ARTS AND FEATURES ENTERTAINMENT — 12 September 2013

Irish singer set for performance at London’s Boogaloo

It’s been quite a summer for Sligo-based Dubliner Miles Graham as momentum builds slowly but steadily around him. Back home, the singer-songwriter’s debut single, All So Innocent got play-listed and created quite a stir, as it’s beginning to do over here with the big labels. That’s not bad work for a relatively unknown artist.

If you fancy checking him out while he’s still playing fairly intimate venues, then head over to see him at Boogaloo in Highgate this Thursday, September 13, (6.30pm, www.boogaloo.co.uk).

After being born into a large family in Dublin, Miles grew up writing music. When he moved to County Sligo as a young adult, however, he found his artistic home. Today, Graham remains based there, nestling in the landscape that nourished the genius of Yeats, and a region of Ireland that’s fast becoming one of its creative capitals.

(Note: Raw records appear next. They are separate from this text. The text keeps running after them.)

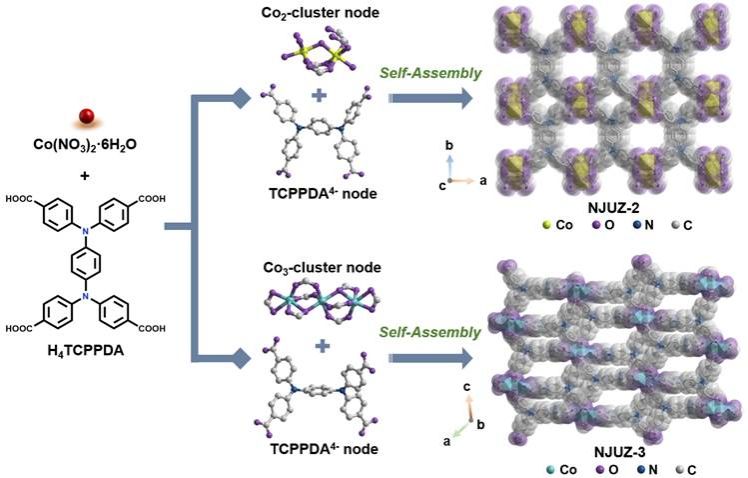 凯发k8官网化学化工学院金钟、马晶、苏剑等人密切合作,在这项研究中报告了两种基于钴团簇的多核配位聚合物{[Co2(TCPPDA)(H2O)5]·(H2O)9(DMF)}和{Co1.5(TCPPDA)[(CH32NH2]·(H2O)6(DMF)2}(命名为NJUZ-2和NJUZ-3)的设计和合成,它们具有不同的配位环境,明确的孔隙率、高密度催化位点、有效的传质通道和纳米限域的化学环境。得益于其独特的多核金属有机配位框架结构,NJUZ-2和NJUZ-3对电催化硝酸根还原(NITRR)表现出优异的催化活性。进一步的实验分析结合理论计算表明NITRR活性的显著增强归因于NO3-在催化剂表面的优先吸附和*NO3和*NO2中间体加氢所需的能量输入的降低。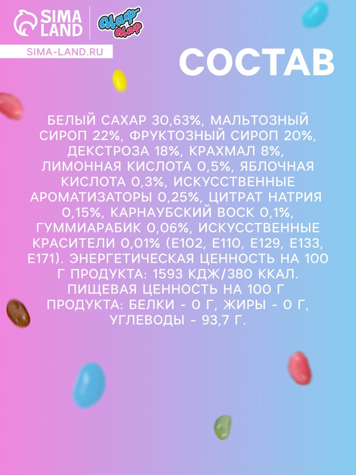 Мармелад "Бобы желе" — отличный выбор для всех любителей сладостей, которые хотят порадовать себя новыми, оригинальными вкусами. Каждая упаковка — это настоящая находка для угощения, подарка или просто удовольствия в любое время суток. Подарите себе радость и вкусное наслаждение с любимыми бобами!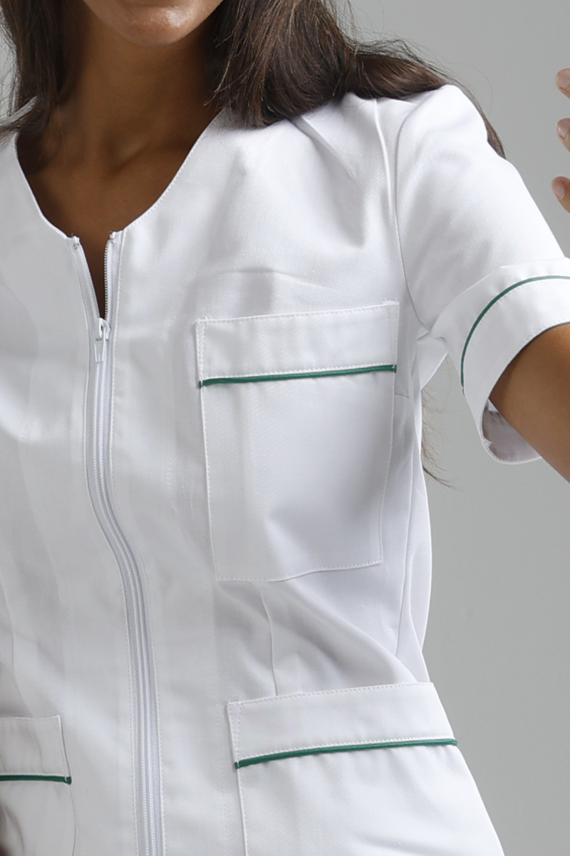 Giacca donna slim fit con zip frontale, realizzata in cotone 100% naturale, pensata per chi lavora in ambito sanitario e desidera unire praticità, comfort e uno stile curato. La linea slim valorizza la silhouette senza rinunciare alla comodità, mentre la chiusura a zip rende il capo veloce e facile da indossare durante i cambi turno.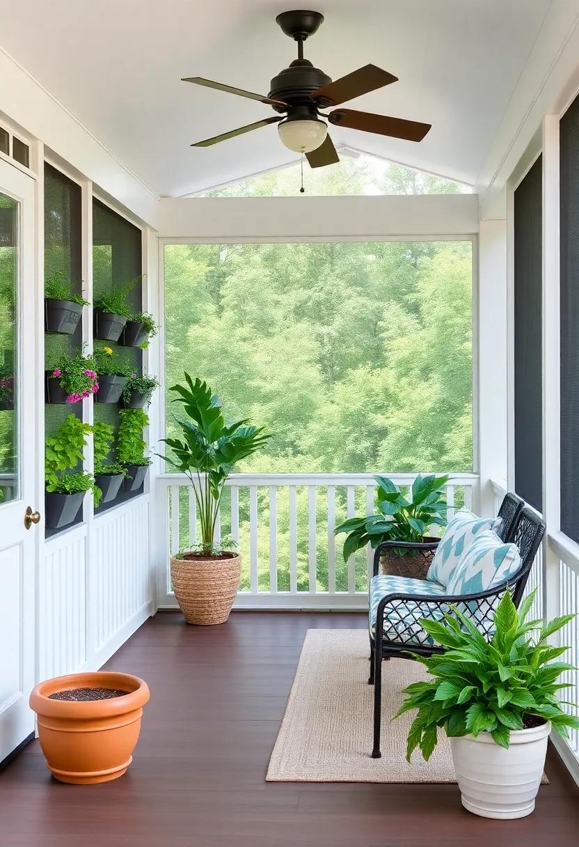 Utilize porches for Vertical Gardens: Create vertical planters with herbs or flowers along the screened walls to maximize space while adding vibrancy
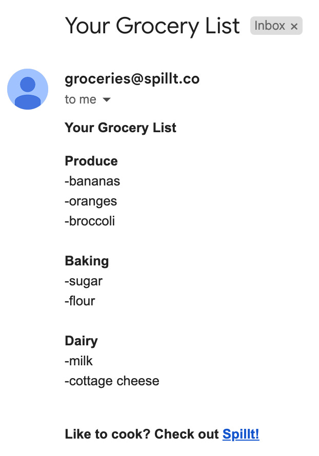 Our last step was hooking this up to Resend in order to send ourselves (or someone else!) a copy of the grocery list. This we setup using another Supabase Edge Function paired with the Resend email API.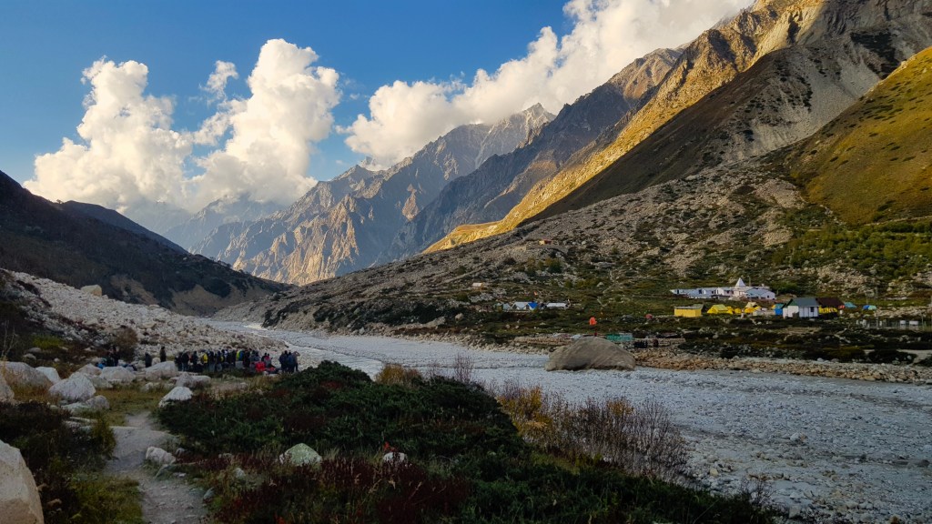 संध्याकाळी आमच्या पडावावर पोहोचल्यावर आम्हाला पाच जणांसाठी एक तंबू दिला गेला. चहा-पानाची सोय झाली. आम्ही आमच्या खांद्यावरून आमच्या बॅकपॅक उतरवून निवांत झालो. राम बाबा आश्रम सर्व मूलभूत सोईनी सुसज्ज होता. अगदी आमच्या आश्रमामध्ये तंबूमध्ये लोखंडी कॉट आणि त्यावर बिछाने, रजई पांघरूण सर्व काही सोई सुविधा होत्या. थोडक्यात भोजबासाचे पूर्णपणे व्यापारीकरण झालेले आहे! ह्या तंबूंना मजबुती देण्यासाठी कमरेइतक्या उंची पर्यंत दगडी भिंती उभारलेल्या आहेत. एक स्वयंपाक घराची संपूर्ण दगडी झोपडी तयार केलेली आहे. भोजबासामध्ये अनेक ट्रेक आयोजित करणाऱ्या कंपन्यांचे नदीच्या काठाने लाल-पिवळे रंगाचे तंबू वसलेले दिसतात.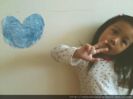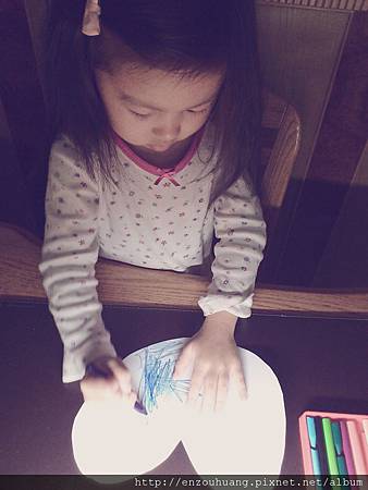當媽媽躺在床上餵哺弟弟,安妮在爸爸的書桌前,要將這個愛心填滿顏色。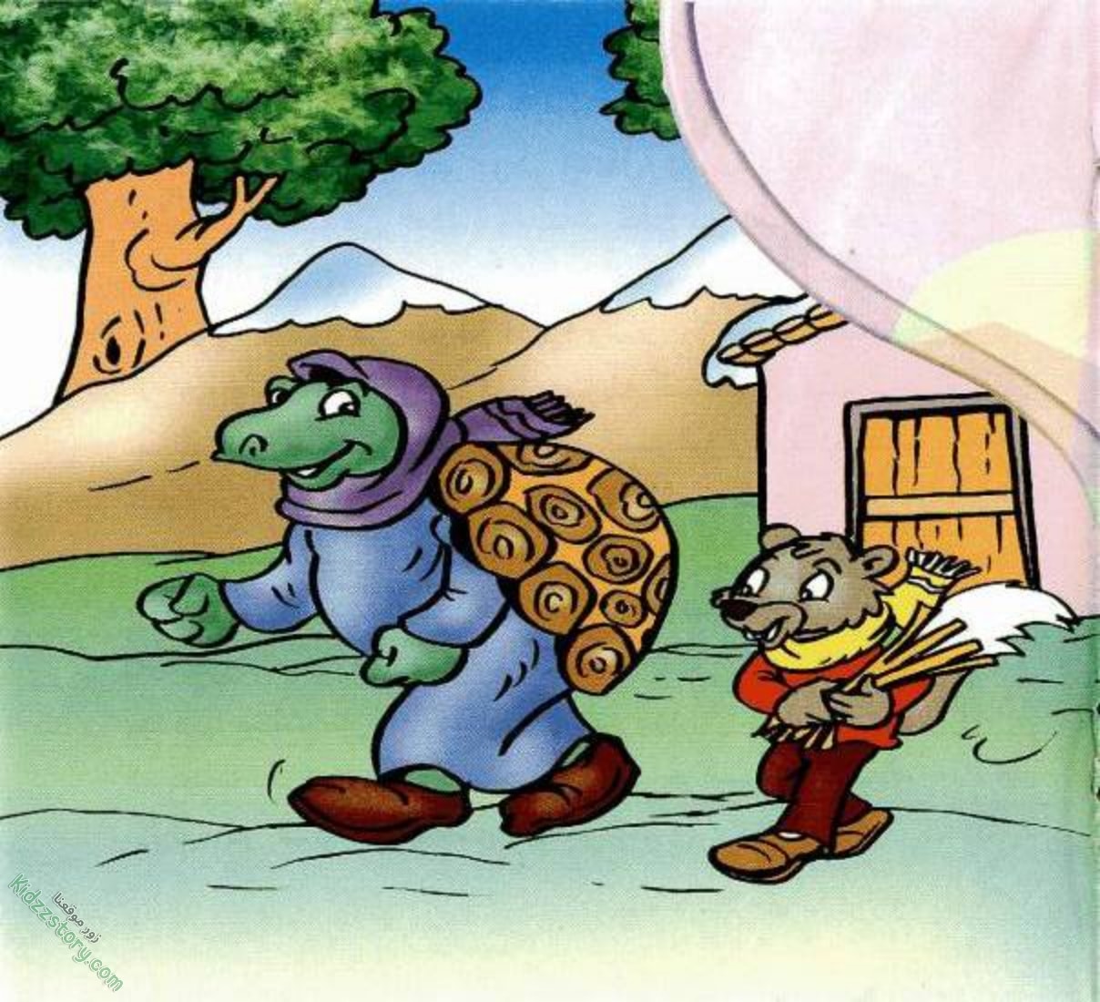 قفزت السلحفاة من الفزع وهي ترى الأرنب يدفع باب الكوخ بصعوبة ثم يسقط من التعب.

BBC show, Weekend Wogan played Grahams’ song recently, presenter Rchard Madeley saying that he was “’very promising; this is a very good start to what will be an excellent career”. Later, just in case we hadn’t got it the first time, he tweeted again to wax lyrical about how much he loved the new single.

All So Innocent opens like something by Paolo Nutini, before Graham’s vocals soon transfer the song into the soul-pop realms of James Morrison, lifted by syncopated piano and soaring strings that make this a classic, laid-back summer track.

The singer came to the attention of renowned producer Richard Causon (Tom Jones, Rufus Wainright, Ryan Adams) and nowadays spends a lot of time in London co-writing, recording and honing his craft. After dedicating recent years to perfecting his musical signature, he’s ready to get it out there.

An all-round musician with a warm, magnetic voice, Grahams’ song-writing talent is reminiscent of a young Van Morrison, and he matches that writing talent with real, authentic numbers that also have the commercial appeal of a James Morrison or Ray LaMontagne.

Graham said of his influences recently: “Many of my influences come from back in the sixties and the seventies and Motown stuff; that is really the way to do it. They have really good musicians in a room and they didn’t use click tracks or anything like that. It is something that is in me as an artist to just be organic with everything. I was never really into the electronic side of things, you know? So it was just fitting for me as an artist.”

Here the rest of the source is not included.